If you want to save the file into one single file, specify argument single_file=True
. You should delete the above saved files and its folder. If you want to keep them, you have to use a new variable name for this signal file, say green_tripdata_2019-01-03m.csv
in the following example.
ddf2.to_csv('./data/green_tripdata_2019-01-03m.csv',index=False,single_file=True)
['D:\\big_data\\data\\green_tripdata_2019-01-03m.csv']

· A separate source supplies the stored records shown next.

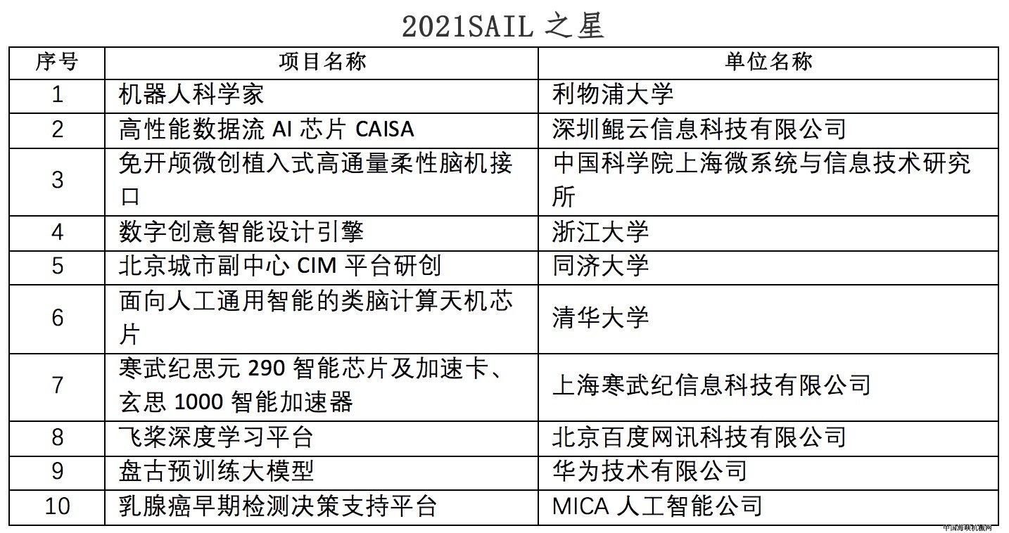 朱明杰、吴飞、卢策吾 论文《中国迈向新一代人工智能》2021年,SAIL奖新增设了SAIL之星,以鼓励更多的人工智能优秀项目,获得SAIL之星的项目是:
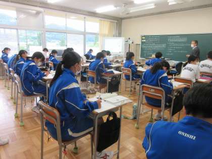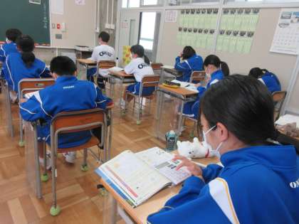 6月7日(火) 1年生(数学) 「正の数と負の数の利用」 公開日 2022/06/08 更新日 2022/06/08 できごと 1年生の数学は新しい単元に入りました。はじめに,体育の長距離走の記録の平均値を求めます。まずは,記録を足して人数で割ろうと考えました。足し算に時間がかかり,最終的には電卓で計算しました。これも一つの方法ですが,よりかんたんにはやく計算できる方法はないでしょうか。基準の記録との差で計算する方法があるようです。正の数と負の数を上手に使えるでしょうか。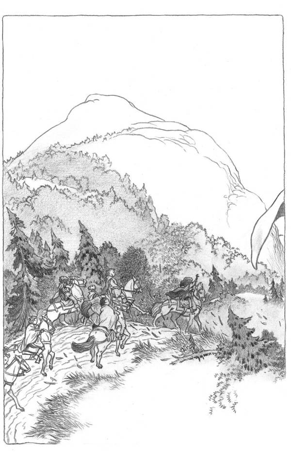 Они ехали верхом весь день, и так быстро, как могли выдержать лошади. Уже совсем в сумерках они добрались до маленького городка, спрятавшегося среди холмов, где лошадей можно было накормить и разместить на отдых. Сами наездники едва живые повалились на чрезвычайно неудобные кровати. Те из них, кто совершенно не привык к езде верхом, обнаружили, что едва могут передвигать ноги. Выяснилось, что здешние жители о драконах и слыхом не слыхивали. Больше всего их поразило появление целого отряда богатых незнакомцев на лошадях, которые потребовали всего лишь овес да постели и заплатили за это серебряными и золотыми монетами.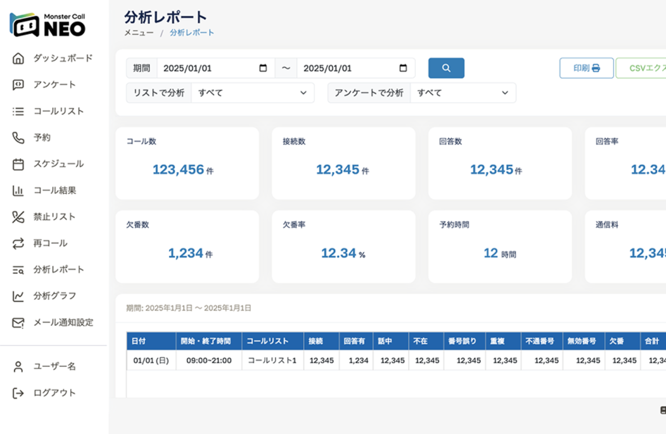 2025年7月17日から追加されたAI分析機能により、発信結果を曜日別、局番別など多角的に解析し、改善提案付きレポートを自動生成。手作業不要で発信戦略の最適化を支援します(追加料金なし)。

Similarly, we can easily save DataFrame into one or more Parquet files using to_parquet
.
ddf2.to_parquet('./data/yellow_tripdata_2019-01.parquet')
The example is to show how to conveniently save DataFrame into HDF files. Similar to Pandas, a parameter key
has to be specified for HDF file. For Pandas and Dask to_hdf
, the key
parameter is the name of the object stored in the HDF file, because it can store multiple objects (dataframes) in a single HDF file and each object should have a name.
ddf2.to_hdf('./data/yellow_tripdata_2019-01.hdf5','/hdfdata')
['./data/yellow_tripdata_2019-01.hdf5', './data/yellow_tripdata_2019-01.hdf5', './data/yellow_tripdata_2019-01.hdf5', './data/yellow_tripdata_2019-01.hdf5', './data/yellow_tripdata_2019-01.hdf5', './data/yellow_tripdata_2019-01.hdf5', './data/yellow_tripdata_2019-01.hdf5', './data/yellow_tripdata_2019-01.hdf5', './data/yellow_tripdata_2019-01.hdf5', './data/yellow_tripdata_2019-01.hdf5', './data/yellow_tripdata_2019-01.hdf5', './data/yellow_tripdata_2019-01.hdf5', './data/yellow_tripdata_2019-01.hdf5', './data/yellow_tripdata_2019-01.hdf5', './data/yellow_tripdata_2019-01.hdf5', './data/yellow_tripdata_2019-01.hdf5', './data/yellow_tripdata_2019-01.hdf5', './data/yellow_tripdata_2019-01.hdf5', './data/yellow_tripdata_2019-01.hdf5', './data/yellow_tripdata_2019-01.hdf5', './data/yellow_tripdata_2019-01.hdf5', './data/yellow_tripdata_2019-01.hdf5', './data/yellow_tripdata_2019-01.hdf5', './data/yellow_tripdata_2019-01.hdf5', './data/yellow_tripdata_2019-01.hdf5', './data/yellow_tripdata_2019-01.hdf5', './data/yellow_tripdata_2019-01.hdf5', './data/yellow_tripdata_2019-01.hdf5', './data/yellow_tripdata_2019-01.hdf5', './data/yellow_tripdata_2019-01.hdf5', './data/yellow_tripdata_2019-01.hdf5']
If you are interested in more other data files for storing Dask DataFrames, please refer to the Create and Store Dask DataFrames in the Dask Documents.
This article introduces generally about the Dask, and uses specific examples to display how to use Dask DateFrame to read and store DataFrames in place of Pandas when the datasets become large. The comparison results of reading CSV files confirm that Dask is extremely fast (in million seconds) to read the large dataset that Pandas and Modin are hard to handle. Furthermore, the examples also show that Dask has very similar and easy to use API as Pandas. In many cases, Dask has much easier method than Pandas, for example reading multiple files that was used in this article.